I'm presently looking to get HttpComponents to transmit HttpRequests and retrieve the Response. Of all Web addresses this works with no problem, however when I attempt to obtain the Link to a phpBB Forum namely http://www.forum.animenokami.com the customer takes additional time and also the responseEntity consists of passages more often than once producing a damaged html file.

For instance the meta data are contained six occasions. Because so many other Web addresses work I can not evaluate which I'm doing wrong. The Page is working properly in known Browsers, so it's no problem on their own side.

This is actually the code I personally use to transmit and receive.

        URI uri1 = new URI("http://www.forum.animenokami.com");
    HttpGet get = new HttpGet(uri1);
    get.setHeader(new BasicHeader("User-Agent", "Mozilla/5.0 (Windows NT 5.1; rv:6.0) Gecko/20100101 Firefox/6.0"));
    HttpClient httpClient = new DefaultHttpClient();
    HttpResponse response = httpClient.execute(get);
    HttpEntity ent = response.getEntity();
    InputStream is = ent.getContent();
    BufferedInputStream bis = new BufferedInputStream(is);
    byte[] tmp = new byte[2048];
    int l;
    String ret = "";
    while ((l = bis.read(tmp)) != -1){
        ret += new String(tmp);
    }

I think you'll might help me.
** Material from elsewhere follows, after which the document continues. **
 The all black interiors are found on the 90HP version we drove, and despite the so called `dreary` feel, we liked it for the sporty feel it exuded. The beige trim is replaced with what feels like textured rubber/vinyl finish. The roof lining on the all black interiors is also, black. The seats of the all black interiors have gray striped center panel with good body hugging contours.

If you want any longer Information I'll viewed it as quickly as possible.

This code is totally damaged:

String ret = "";
while ((l = bis.read(tmp)) != -1){
    ret += new String(tmp);
}

Three things:

  • This really is transforming the whole buffer right into a string on each iteration, no matter just how much data continues to be read. (I suspect this really is what's really failing inside your situation.)
  • It's while using default platform encoding, that is rarely advisable.
  • It's using string concatenation inside a loop, which results in poor performance.

Fortunately you are able to avoid all this effortlessly using [cde]:

EntityUtils

Which will make use of the appropriate character encoding specified by the response, if any, or ISO-8859-1 otherwise. (There's another overload which enables you to definitely specify which character encoding to make use of when not specified.)
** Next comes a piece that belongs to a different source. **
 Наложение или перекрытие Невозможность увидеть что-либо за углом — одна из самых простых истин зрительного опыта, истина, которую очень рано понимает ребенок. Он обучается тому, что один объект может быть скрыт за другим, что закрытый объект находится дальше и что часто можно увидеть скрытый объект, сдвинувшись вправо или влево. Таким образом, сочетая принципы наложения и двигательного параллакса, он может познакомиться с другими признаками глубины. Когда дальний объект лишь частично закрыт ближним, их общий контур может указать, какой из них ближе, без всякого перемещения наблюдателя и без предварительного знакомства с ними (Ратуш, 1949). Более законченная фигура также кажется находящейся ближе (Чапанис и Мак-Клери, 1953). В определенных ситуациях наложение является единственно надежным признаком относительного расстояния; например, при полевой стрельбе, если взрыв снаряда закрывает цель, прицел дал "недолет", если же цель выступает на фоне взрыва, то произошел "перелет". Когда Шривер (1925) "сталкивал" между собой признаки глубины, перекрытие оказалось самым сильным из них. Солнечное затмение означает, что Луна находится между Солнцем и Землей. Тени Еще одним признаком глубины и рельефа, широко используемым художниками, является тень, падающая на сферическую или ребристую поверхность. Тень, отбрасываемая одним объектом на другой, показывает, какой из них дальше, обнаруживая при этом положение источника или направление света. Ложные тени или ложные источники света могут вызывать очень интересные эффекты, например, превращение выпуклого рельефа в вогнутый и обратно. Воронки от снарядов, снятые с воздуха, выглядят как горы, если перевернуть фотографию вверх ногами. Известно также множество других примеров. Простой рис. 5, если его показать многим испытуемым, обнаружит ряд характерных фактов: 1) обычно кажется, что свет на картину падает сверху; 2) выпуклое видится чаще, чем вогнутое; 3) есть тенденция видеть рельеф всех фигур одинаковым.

It's worth understanding wrong together with your original code though instead of just changing it using the better code, to ensure that you do not result in the same mistakes in other situations.

It really works fine but things i do not understand is the reason why I begin to see the same text multiple occasions only about this URL.
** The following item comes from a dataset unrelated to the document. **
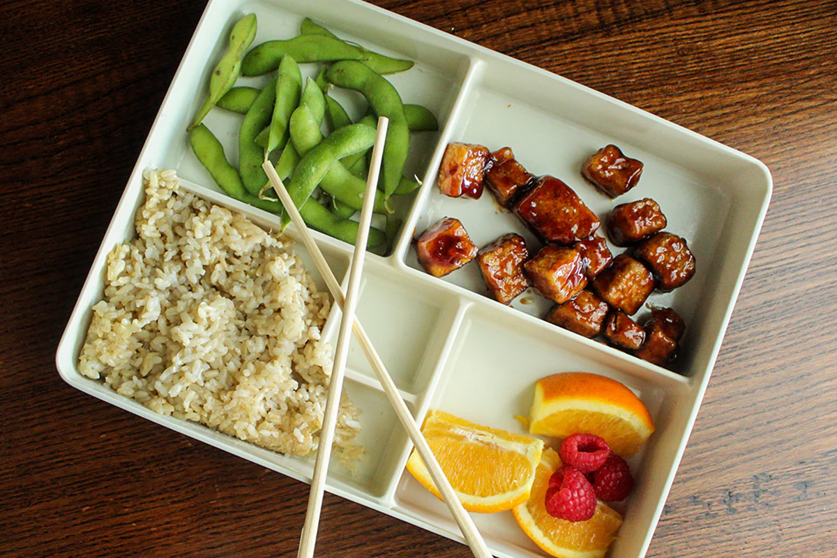 crispy sweet soy tofu with edamame, choice of starch, and fruit.

It will likely be since your client is seeing more incomplete buffers if this reads the socket. Than might be:

  • because there's a network bandwidth bottleneck on the way in the remote site for your client,
  • since the remote website is doing a bit of unnecessary flushes, or
  • another reason.

The thing is that the client must seriously consider the amount of bytes read in to the buffer through the String text = EntityUtils.toString(ent); call, otherwise it'll finish up placing junk. Network streams particularly are prone not filling the buffer.